Take Eat Easy, 'personnalité de l'année 2017'

©Debby Termonia

L’été dernier, Take Eat Easy a fait faillite. Six mois plus tard, son quatuor fondateur figure en une de ce magazine "La personnalité de l’année 2017". Paradoxal?

La faillite est un échec. Avec son cortège de travailleurs blessés, furieux et tristes à la fois, de fournisseurs et de créanciers lésés, d’actionnaires surpris, déçus ou bernés, d’ereurs naïves, d’entêtements vains, d’énergie et de capital dépensés pour finalement sombrer.

Take Eat Easy a failli.

Active dans la livraison de repas à domicile, Take Eat Easy appartient aussi à cette nouvelle économie du partage, cet eldorado pour jeunes zélés, quinquagénaires créatifs ou trentenaires lassés du salariat. Ou tout cela à la fois. Côté face, un business relooké "citoyen" qui fonce, innove, brise les codes, bouscule les habitudes et les multinationales du XXe siècle, celles qui regardent cette fraîcheur avec un brin de jalousie et tentent même d’appliquer la recette ébouriffante de leurs jeunes rivales. Côté pile, des emplois parfois précaires, des start-ups qui court-circuitent les lois, s’intercalent dans les zones d’ombre des textes, et cannibalisent des sociétés qui respectent ces mêmes lois.

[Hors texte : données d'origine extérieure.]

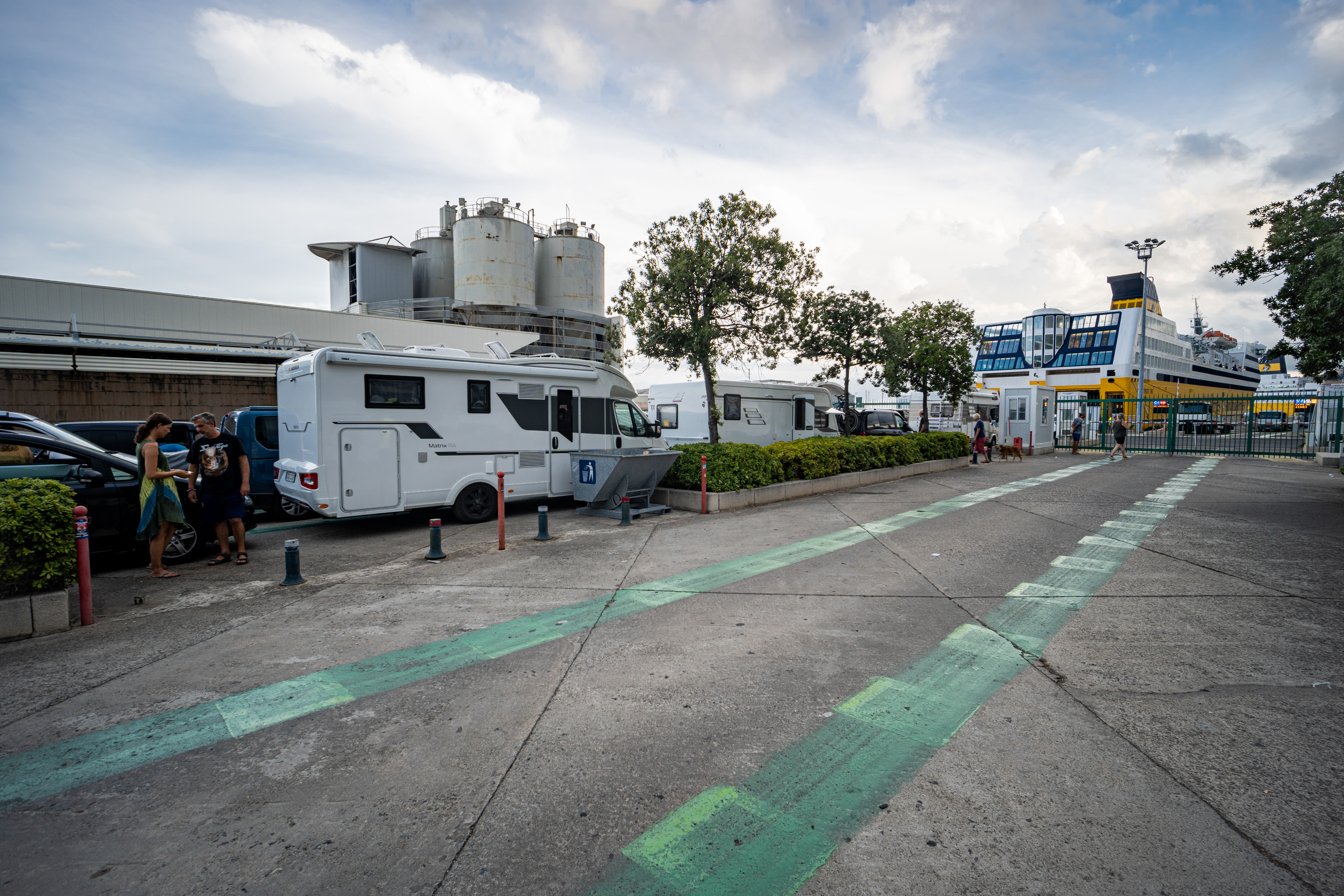 Es ist unglaublich warm mit 32°C, was bietet sich da an? Genau ein gemütlicher Stadtbummel durch das brütend warme Zentrum von Livorno. Die Stadt ist unglaublich laut sowie nicht besonders raffiniert, da haben wir in Italien schön schönere Städte gesehen. Naja - ist ja zum Glück nicht unser Urlaubsort. Katja nascht ein Gelati, wir schauen noch am Hafen vorbei um die Lage für unsere morgige Einschiffung zu peilen. Wir sind im Bilde und für morgen super vorbereitet. Abendessen war heut mit Schnittchen und Tomate, bei der Hitze hat man eh kaum Hunger. Die Nacht ist laut, wir stehen an einer vielbefahrenen Straße, wir kontern mit Bier und viel Müde.

Ce n’est ni l’échec en soi, ni l’économie du partage que L’Echo célèbre en choisissant Take Eat Easy. C’est l’inspiration que cette aventure entrepreneuriale génère. Parce que ces quatre-là ont été les premiers en Belgique à lever autant de fonds, à aller aussi vite, à importer une success story (malheureusement éphémère) que la Silicon Valley produit avec une régularité d’horloger suisse.

C’est surtout un regard sur l’échec que nous avons voulu bannir. Ce regard qui souligne davantage la chute, le défaut, qu’il ne soutient la réussite. Combien d’entre vous (et j’en serais) ont repéré la faute faite à dessein plus haut dans ce texte ("ereurs") jusqu’à en oublier le fond, voire ne pas arriver à cette ligne et oublier les quatre cent seize mots écrits correctement?

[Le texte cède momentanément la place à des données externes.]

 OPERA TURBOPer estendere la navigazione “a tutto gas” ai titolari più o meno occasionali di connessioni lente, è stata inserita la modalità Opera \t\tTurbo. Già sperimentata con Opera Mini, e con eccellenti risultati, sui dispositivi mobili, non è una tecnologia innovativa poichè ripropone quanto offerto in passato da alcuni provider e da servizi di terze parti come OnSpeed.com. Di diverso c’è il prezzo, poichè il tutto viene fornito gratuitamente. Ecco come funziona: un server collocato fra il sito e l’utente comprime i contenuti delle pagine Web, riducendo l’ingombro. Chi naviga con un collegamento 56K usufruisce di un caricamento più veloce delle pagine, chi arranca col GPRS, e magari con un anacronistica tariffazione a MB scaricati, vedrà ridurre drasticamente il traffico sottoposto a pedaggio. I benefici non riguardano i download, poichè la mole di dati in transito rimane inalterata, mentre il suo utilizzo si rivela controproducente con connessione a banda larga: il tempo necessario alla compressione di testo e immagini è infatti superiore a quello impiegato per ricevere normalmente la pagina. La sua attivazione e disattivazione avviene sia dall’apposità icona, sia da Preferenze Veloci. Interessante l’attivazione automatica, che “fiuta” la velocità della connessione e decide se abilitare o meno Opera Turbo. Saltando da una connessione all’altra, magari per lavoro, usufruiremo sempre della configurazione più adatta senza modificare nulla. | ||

La Belgique se braque sur l’échec plus qu’elle ne promeut la réussite. Nulle complaisance ou naïveté ici, simplement un besoin de rompre avec cette culture du négatif pour permettre à des entrepreneurs, au sens large, de se relever, tête haute, après la débâcle. Et de rebondir.

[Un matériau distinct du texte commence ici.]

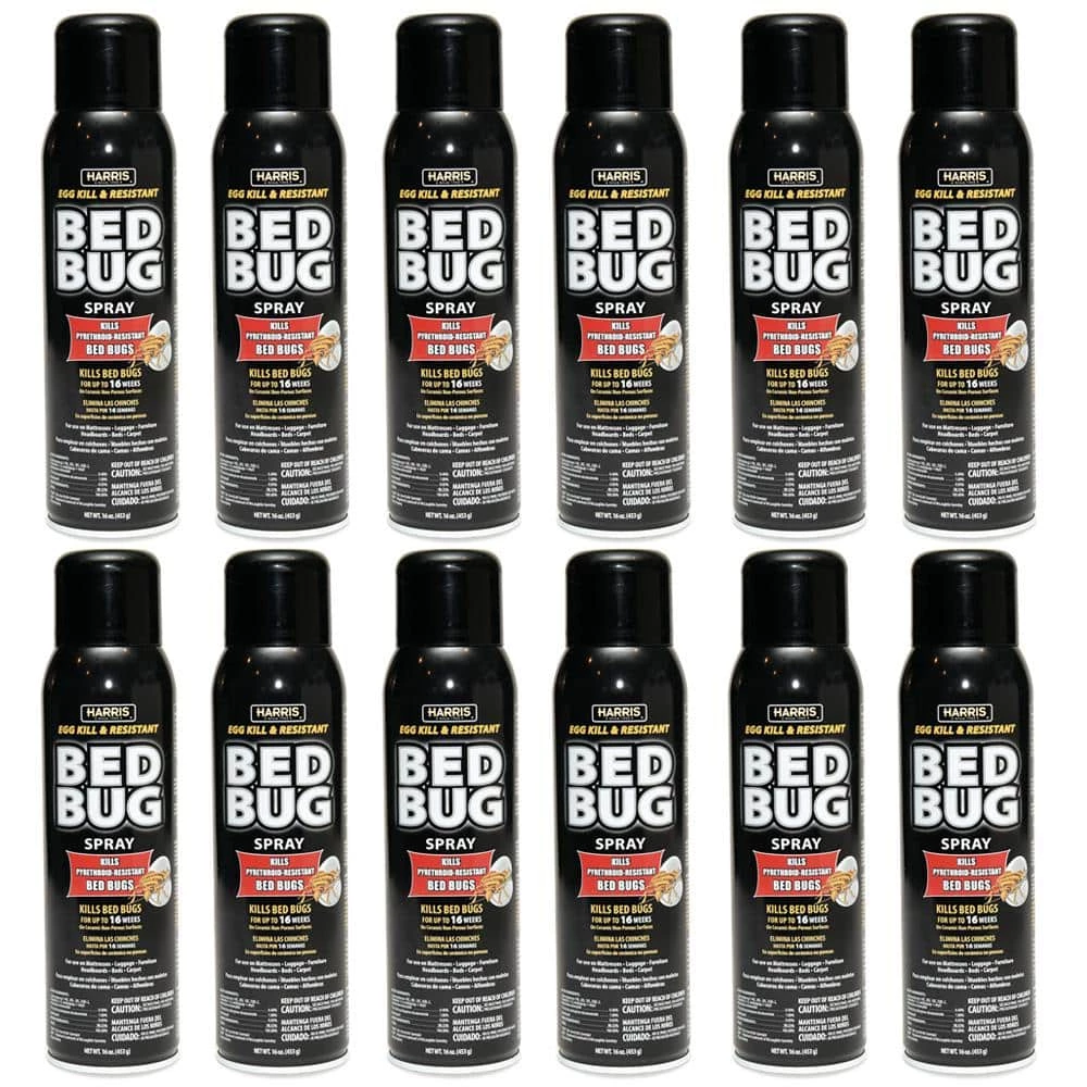 Harris Egg Kill and Resistant Bed Bug Spray kills bed bugs for up to 16-weeks. Use on mattresses (folds and tufts), luggage, furniture, headboards, beds and carpet. Kills pyrethroid resistant bed bugs and their eggs. Value 12-pack for multiple treatments.

Au terme d’une année à nouveau marquée par le terrorisme islamiste, jusqu’au cœur de Bruxelles cette fois, ternie par des scrutins empreints de poujadisme, c’est cette volonté, cet optimisme, cette touche positive que L’Echo entend honorer. C’est de cela que ces trois hommes et cette femme de Take Eat Easy sont le symbole aujourd’hui. Avec des centaines d’autres hommes et femmes qui ont failli, pour mieux réussir.